Starting at the line with "キャベツやごぼう、にんじんな" and going on through the line with "I will have", reproduce each line in the records below exactly and nothing more.

[Listed records Boundary: Start]

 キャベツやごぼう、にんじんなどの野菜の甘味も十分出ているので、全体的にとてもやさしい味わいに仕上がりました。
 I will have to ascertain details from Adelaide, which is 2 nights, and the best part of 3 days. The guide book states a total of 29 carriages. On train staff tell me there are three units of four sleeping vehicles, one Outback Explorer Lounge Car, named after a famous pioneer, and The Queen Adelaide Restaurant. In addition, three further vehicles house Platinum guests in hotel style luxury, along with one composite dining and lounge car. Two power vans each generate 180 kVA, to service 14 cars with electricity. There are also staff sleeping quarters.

[Listed records Boundary: End]
[Listed records Boundary: Start]

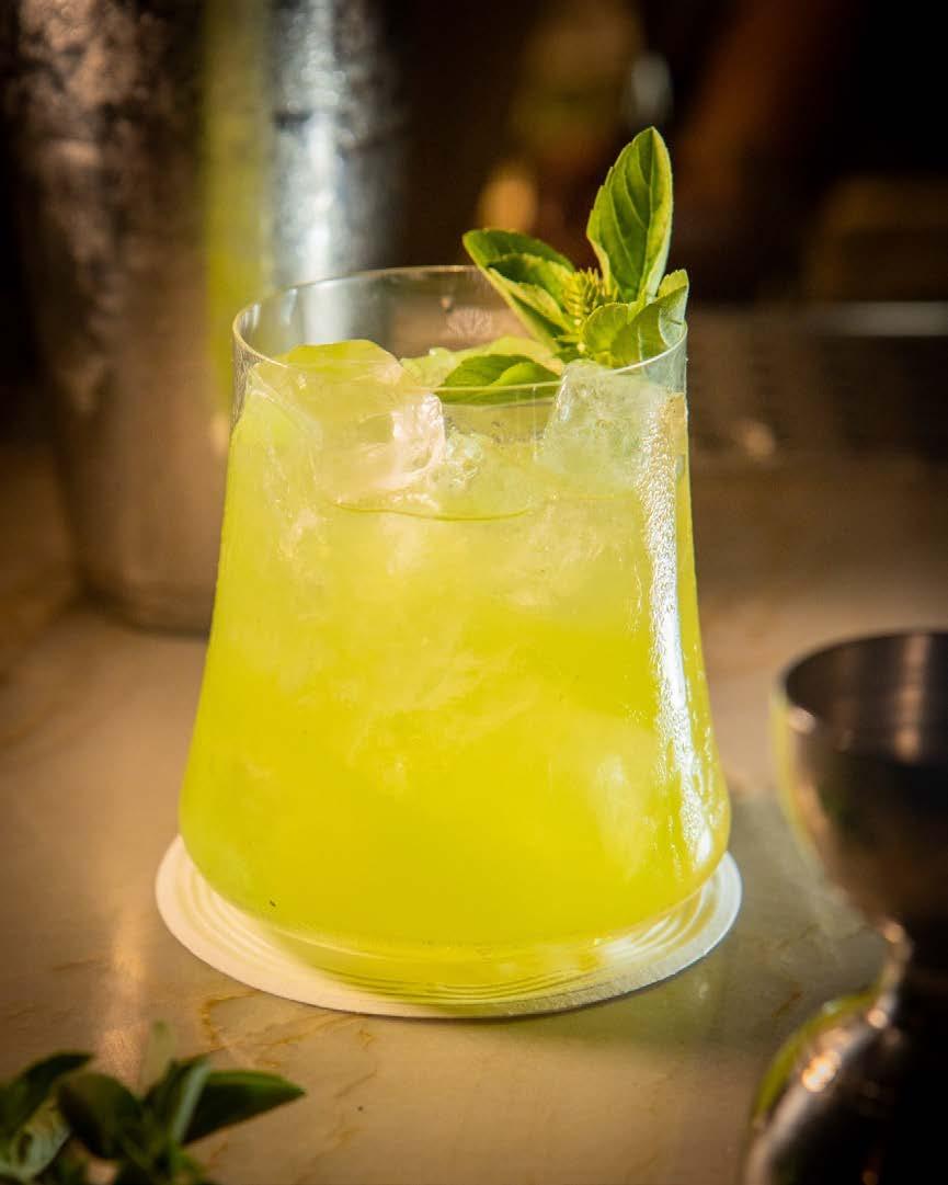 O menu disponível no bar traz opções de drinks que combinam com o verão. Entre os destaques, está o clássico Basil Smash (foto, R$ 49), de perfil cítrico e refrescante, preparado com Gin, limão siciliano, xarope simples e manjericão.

[Listed records Boundary: End]
[Listed records Boundary: Start]

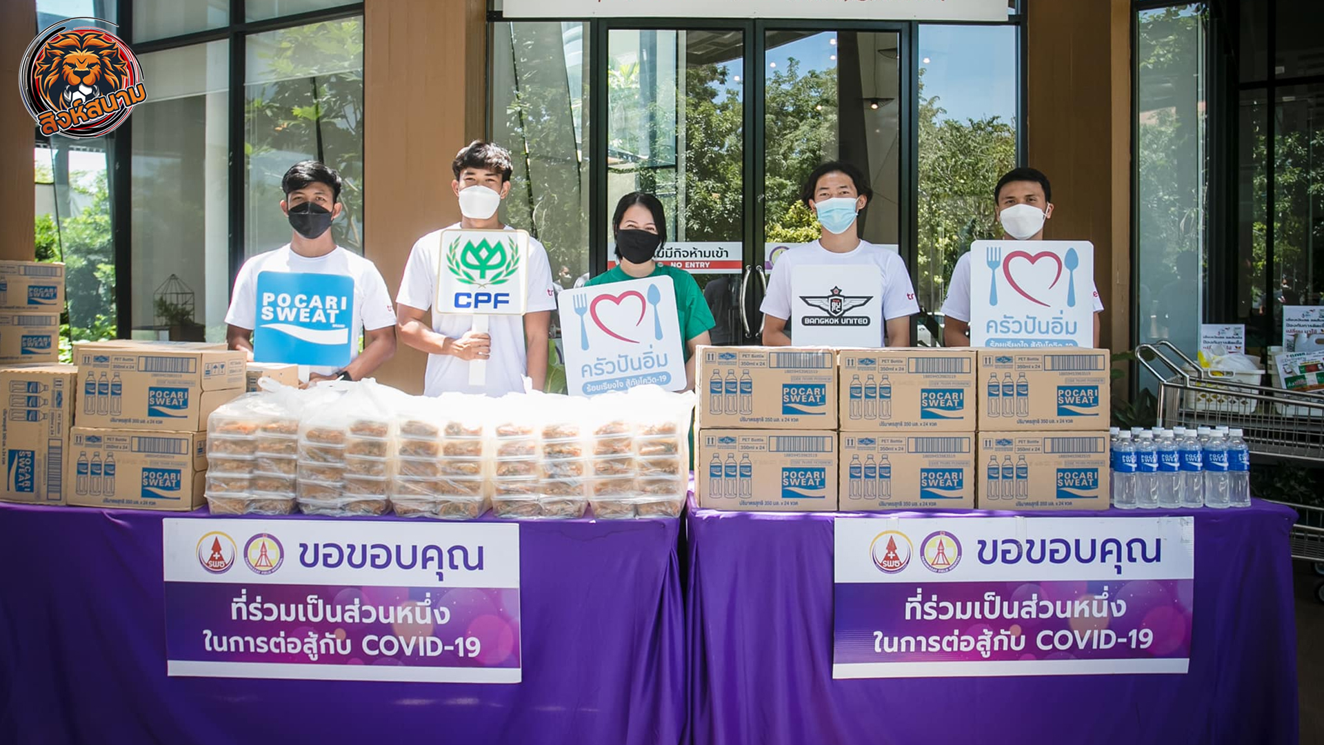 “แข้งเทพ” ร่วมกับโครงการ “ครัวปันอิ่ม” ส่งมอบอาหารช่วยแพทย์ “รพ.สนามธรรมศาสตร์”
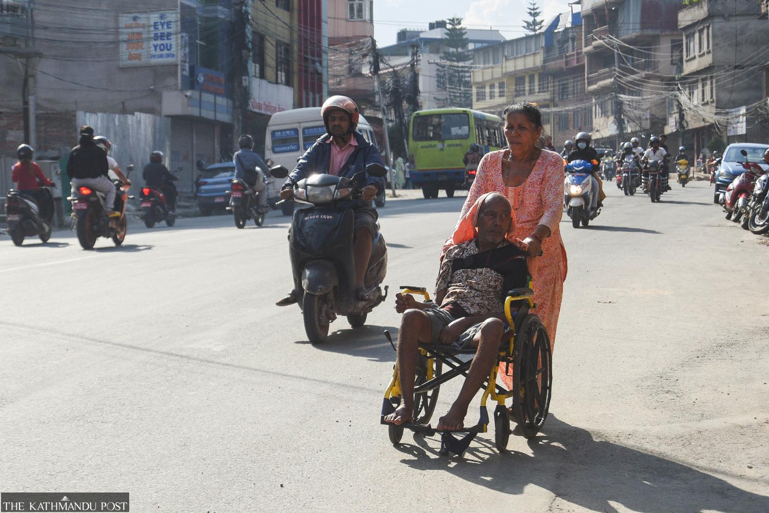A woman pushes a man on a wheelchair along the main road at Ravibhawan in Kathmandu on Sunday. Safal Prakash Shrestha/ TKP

[Listed records Boundary: End]

**Problem solution**
 キャベツやごぼう、にんじんなどの野菜の甘味も十分出ているので、全体的にとてもやさしい味わいに仕上がりました。
 I will have to ascertain details from Adelaide, which is 2 nights, and the best part of 3 days. The guide book states a total of 29 carriages. On train staff tell me there are three units of four sleeping vehicles, one Outback Explorer Lounge Car, named after a famous pioneer, and The Queen Adelaide Restaurant. In addition, three further vehicles house Platinum guests in hotel style luxury, along with one composite dining and lounge car. Two power vans each generate 180 kVA, to service 14 cars with electricity. There are also staff sleeping quarters.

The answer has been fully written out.